I have drafted a HF proposal for work on making GHC’s compiler pipeline more fault-tolerant, that is:
Capable of producing partial output if there is an error (rather than stopping immediately)
Capable of consuming partial output and still producing useful diagnostics
This would solve the problem where errors from earlier stages (such as parsing) mask errors from later stages (such as typechecking); as well as benefiting tools that use the compiler, which could then work on partially broken programs.
That seems a great idea (especially now with IA, we don’t take “computer says no” as easily)
User
fix foo :: Int → Int
foo =
bar :: Int → Int
bar = 1 + foo C@@@GPT
It looks like there might be a small error in your code. The foo function seems to be missing its implementation. Here’s a corrected version:
foo :: Int -> Int
foo x = x * 2 -- or any other implementation you desire
bar :: Int -> Int
bar x = 1 + foo x
Now, foo has a simple implementation where it doubles the input x, but you can replace it with any other implementation that suits your requirements. The bar function adds 1 to the result of foo.
I would be happy to help (but I don’t know anything about GHC). Would there be tasks open to GHC beginner ?
Very interesting, thank you for writing this down!

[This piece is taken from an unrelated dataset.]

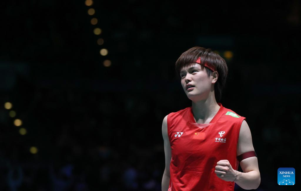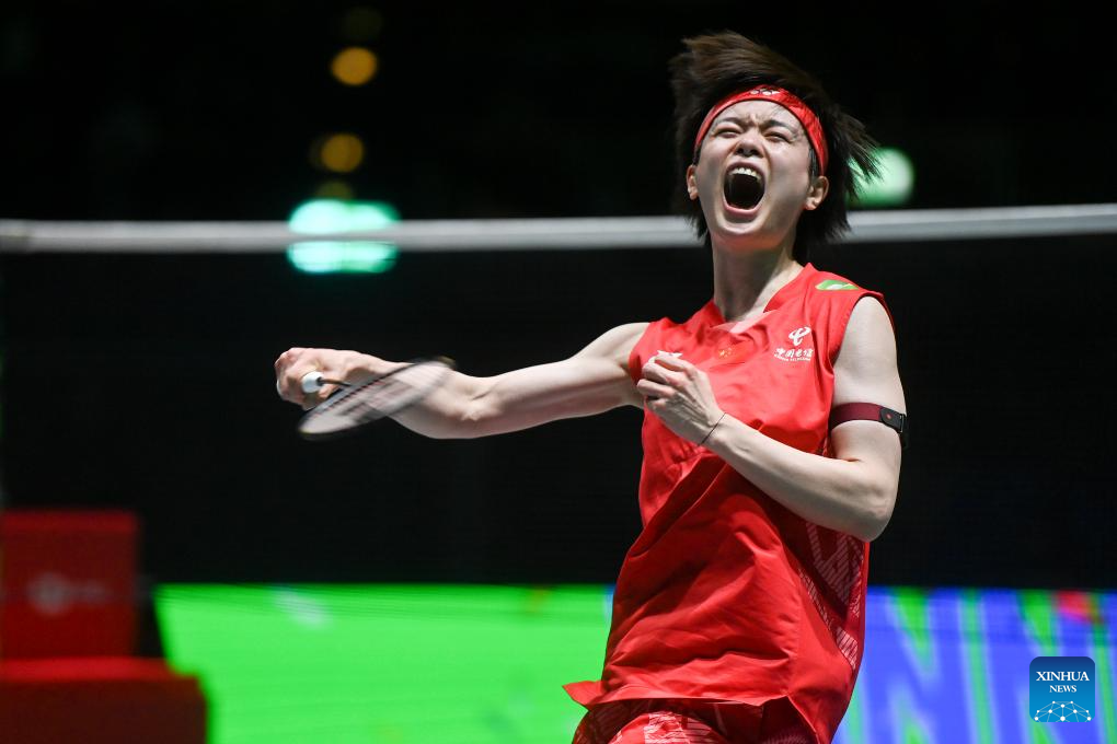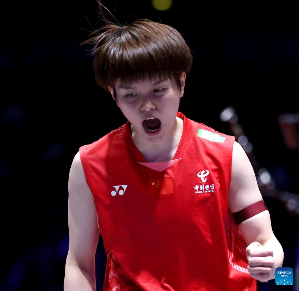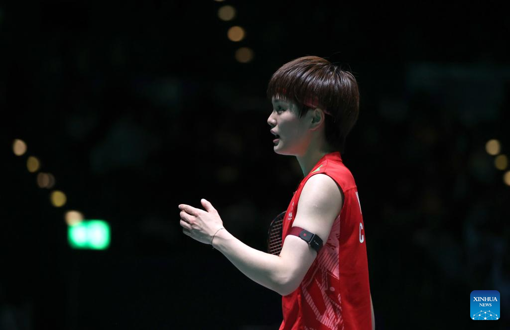 Wang Zhiyi celebrates scoring during the women's singles semifinal between Wang Zhiyi of China and Han Yue of China at the All England Open Badminton Championships 2025 in Birmingham, Britain, March 15, 2025. (Xinhua/Li Ying)

Just a couple thoughts for now:
Step 1: handle fully-recoverable parse errors
A “fully-recoverable” parse error is one where we can know (or make a very good guess) what the user intended. This usually means guessing a few missing literal tokens, such as a trailing bracket.
tup :: (Int, Int)
tup = (1, 2
The example you give is only ambiguous because of the type signature (which is often not even present).
Without such hints, it becomes a probabilistic sort of prediction, which is where corpus-based approaches (or language models as suggested by @maxigit) can help, but do we really want to 10x-50x the size of GHC to put CodeLLaMa or friends inside it?
Step 2: handle other parse errors by producing partial output
I think GLR parsers like tree-sitter do this and it would perhaps make sense to leverage them.
Step 3 etc.
Accepting distributions of tokens/types/ASTs is even harder: the work for each stage multiplies by the number of predictions, and the subsequent output in turn.
I am not suggested the use of a language model, but enterprise IDE will, so the tooling situation will look even worst compare to what people will get used to at work (where their companies will pay for Ai subscription).
So having a more tolerant GHC is a really good idea (until we ALL use language model in our daily life).
To be honest, I’m unsure at this point. I also don’t know enough about GHC to say how hard this stuff is (and I’m hoping to get feedback on that…). I expect that once the infrastructure is in place then it shouldn’t be too hard to contribute by making the various stages more fault-tolerant in one way or another.
The example you give is only ambiguous because of the type signature (which is often not even present).
Without such hints, it becomes a probabilistic sort of prediction
Error recovery by doing token insertion (or deletion) is not really new technology, it’s been around for a long time. So I’m not too worried about this problem, I think we can probably pick good heuristics in most cases.
I think GLR parsers like tree-sitter do this and it would perhaps make sense to leverage them.
I think using the ambiguity-handling of GLR parsers for error recovery might go badly with files that have many errors, since I think the number of alternatives would grow exponentially. Whereas for well-formed examples of more typical ambiguous grammars you hopefully have a smaller number of choice points. Better I think to do local error recovery and continue with a single parse?